Profondo Scorpio est un quatuor jazz libre, constitué de Charles-Antoine Hurel (batterie), Hugues Letort (basse), Pierre Millet (trompette, sifflements) et Samuel Frin (composition, sax baryton, radio, objets). Il s’appuie sur le giallo, thriller italien qui associe l’intrigue à tiroir, les assassinats à l’arme blanche et les excès formels du baroque latin, pour jouer un jazz, donc, débridé, aventureux, que ce disque éponyme relate de manière captivante. Et bien vivante. Giù le Mani sulla Paura n’en démord pas, c’est sur les rives de l’atypique que les quatre gars échouent, fort d’une belle réussite qui se démarque de bout en bout. C’est de la haute voltige, brute et subtile, percutante et retenue, qui perdurera dans ses climats et, le temps de quelques intermèdes brefs, versera dans l’expérimental un brin obscur. Le son des comparses, sur Edwige, ma dove sei?, se fait élastique, groovy, et dégage un climat tendu. On entend, dans la récurrence, une vision maison qui fait tout le piment de l’opus. On suit la clique, bien volontiers, dans ces terres où le sillon se creuse, où sa cadence s’intensifie, où ses cuivres discourent dans le volubile.
L’effet qui en émane, on l’aura compris, est de ceux qui font la différence. Nudo per l’Assassino, souple, serpente avec élégance. Il vire noise, ou presque. La surprise est de mise, Piove su Torino parait se brider. Il n’en est que plus beau encore, plus atmosphérique. On le sent prêt, disposé, à la folie. Que nenni! Il s’en tient à un format non pas classique, surtout pas, mais mesuré. Caccia Minaccia le suit façon Soul Coughing et les interludes assurent le lien d’une galette déviante, que j’aurais dotée de voix elles aussi hors-cadre. Ce n’est pas le cas mais les instrus de Profondo Scorpio, personnels, convieront ceux qui ne fuiront pas. Une poignée donc, précieuse, d’ auditeurs animés par la curiosité, l’ouverture d’esprit. Ca pulse avec fougue, en « jazzeux » on joue certes bien mais sans jamais faire dans la démonstration. Domenica Papapà file, breake. Il rebondit, quasi hagard, pour complètement convaincre. Il faut dire que cette mixture, vigoureuse, n’a pas de réel équivalent. On l’adopte donc, charmé par sa nouveauté, ses embardées, son souci constant de ne pas filer droit.

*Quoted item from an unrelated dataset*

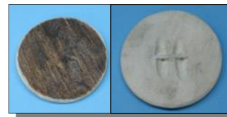
38-PB-2.5 Left: Front / Right: Back

En fin de parcours le titre éponyme, à l’introduction inquiétante, répétée, finit par galoper sans mater dans son dos. On a droit, là encore, à cette foutue maestria qui caractérise nos compatriotes, que La Brutta Storia di Barbara Romero voit finir dans les sifflements à la lisière de l’heureux. On revient là des contours apaisés, au terme d’une superbe épopée à sortir sur deux labels tout aussi décalés que son contenu.